**TASK STATEMENT:**
Pictures stay out of this copy; please retype only the lines from the start of the records through the line with "1. Utiliser le".

**DATA TO USE:**
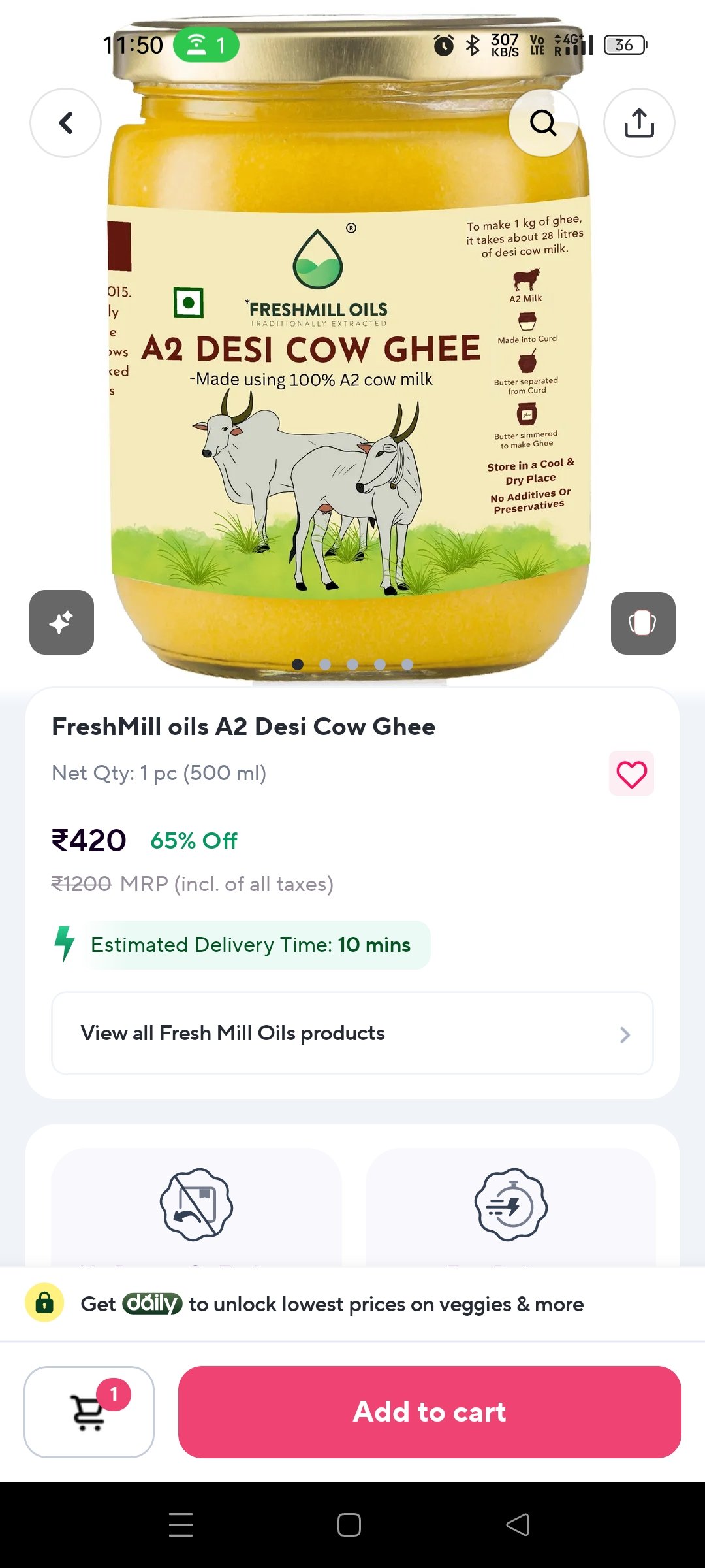 Grab FreshMill Oils A2 Desi Cow Ghee (500ml) for just ₹420 on ZeptoNow! Enjoy a massive 65% discount on the retail price of ₹1200.
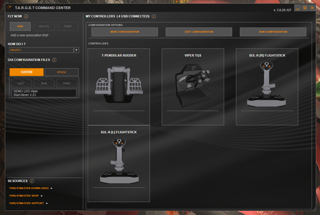 1. Utiliser le flyer Thrustmaster et configurer toutes les touches manuellement dans le jeu. Cela peut être long et fastidieux.
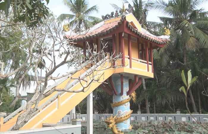 From the high platform, visitors can behold the serene beauty of thousands of lotus flowers blooming all year round. Nearby, there are many Buddha statues depicting the life of the Buddha, Sakyamuni, renouncing his princely life to seek enlightenment and bring peace to humanity. Next to the lotus pond of One-Pillar Pagoda stands a row of large statues representing powerful supernatural beings. Beneath the ancient banyan tree is a beautiful and majestic statue of Avalokiteshvara. In front of the pagoda is a magnificent shrine dedicated to the local deity, immaculately clean and beautiful. One-Pillar Pagoda, when viewed from the outside, exudes a slim and distinctive charm, embodying both the common features of Eastern temples and shrines and the uniqueness of being the only 'one-pillar' pagoda in the Mekong Delta to date. Not only a sacred place with beautiful, solemn, and ancient scenery attracting many visitors, the pagoda is also a humanitarian address with regular activities such as distributing rice, providing free meals for the poor, and offering books and study materials to underprivileged children.
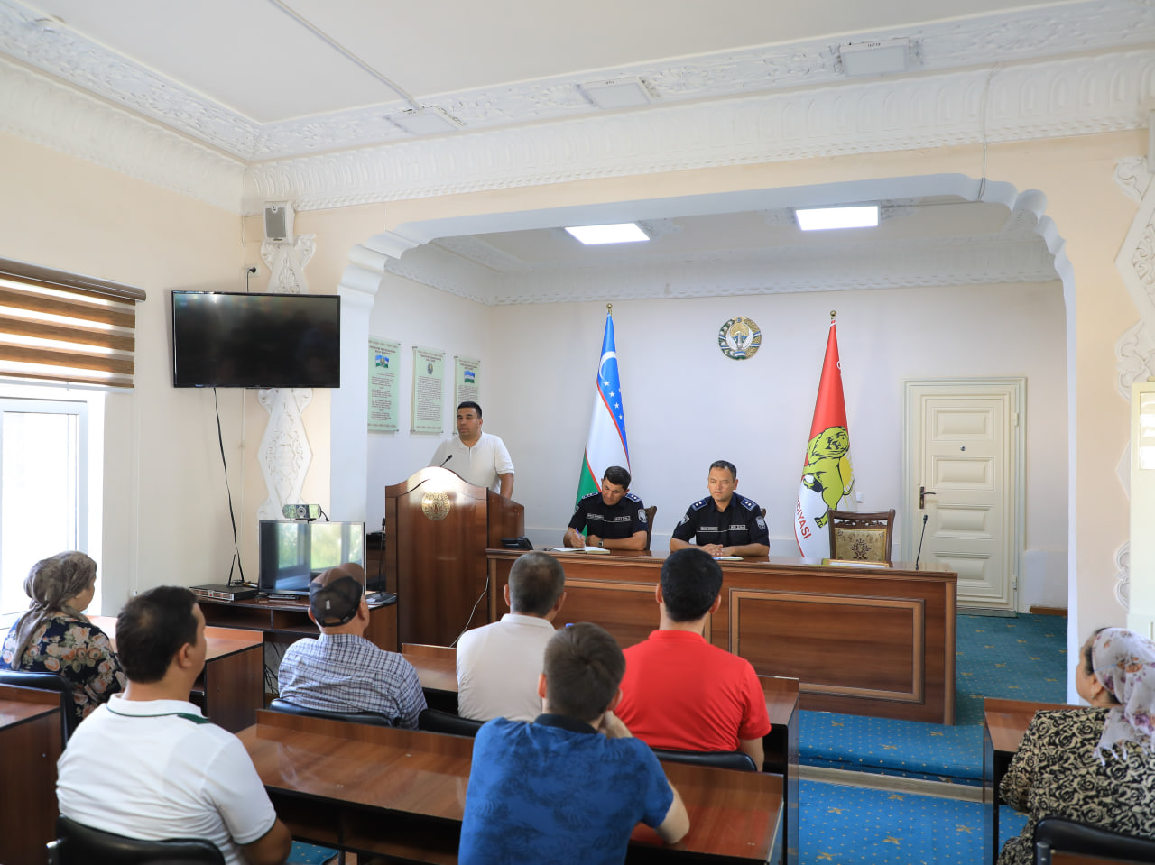 Хизматдан бўш вақтларида ходимлар орасида учраши мумкин бўлган қонун бузилиш ҳолатларини олдини олиш, тамагирлик, фирибгарлик каби ҳуқуқбузарликларга йўл қўймаслик ҳамда сафдошларига ўрнак бўлган ҳолда хизмат олиб боришга жиддий эътибор қаратиш лозимлиги тушунтирилди.
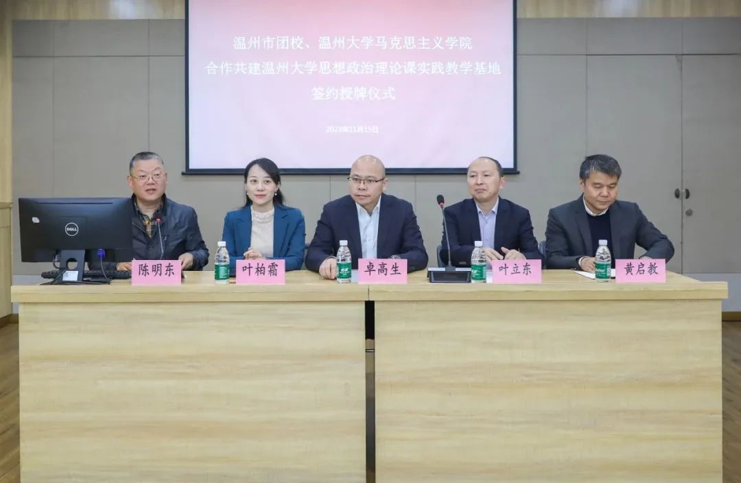 为充分整合温州青运史馆和澳门银河官网 马克思主义学院的教育资源,深入贯彻落实党中央,以及浙江省委、温州市委关于澳门银河官网 思政课改革创新的实施意见,扎实开展高校思想政治工作,2023年11月15日上午,温州市团校与澳门银河官网 马克思主义学院签订合作共建协议,并在温州青运史馆建立澳门银河官网 思想政治理论课实践教学基地。澳门银河官网 马克思主义学院院长、教授卓高生,澳门银河官网 马克思主义学院副书记叶柏霜,温州市青少年活动中心党支部书记、主任叶立东,温州市青少年活动中心副主任、温州市团校副校长黄启教等双方领导出席合作共建签约及思政教学基地揭牌仪式。
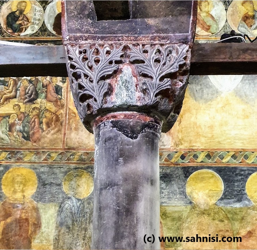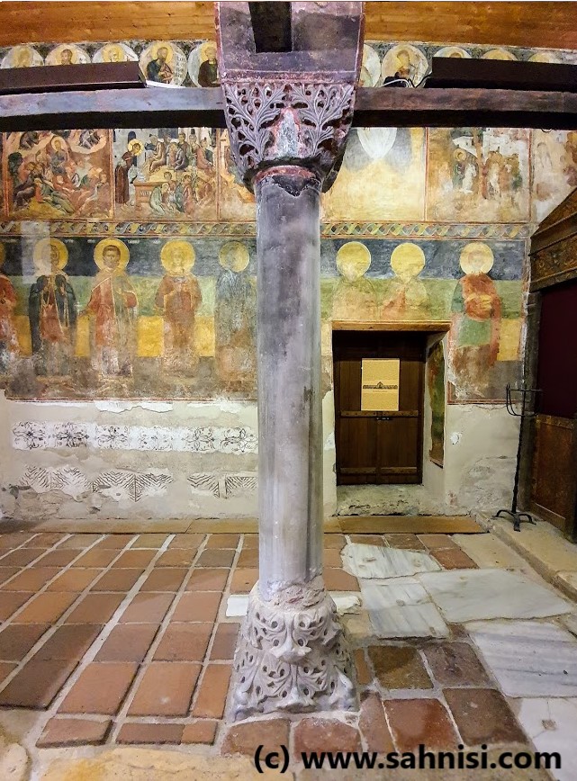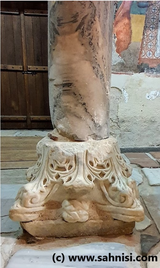The interior is the most spectacular one, especially for an ecclesiastical art lover. The naos is divided in the threeaisles by rectangular columns describing an arcade at the west side, but in the front, two beautiful marble columns stand in front of the altar. As a curiosity, the columns have reversed capitals as a base, rich with deeply carved acanthus leaves. It is not clear to me whether these marble blocks or columns were crafted especially for this building or brought from another site that was dismantled.

**EXERCISE OUTPUT:**
 Grab FreshMill Oils A2 Desi Cow Ghee (500ml) for just ₹420 on ZeptoNow! Enjoy a massive 65% discount on the retail price of ₹1200.
 1. Utiliser le flyer Thrustmaster et configurer toutes les touches manuellement dans le jeu. Cela peut être long et fastidieux.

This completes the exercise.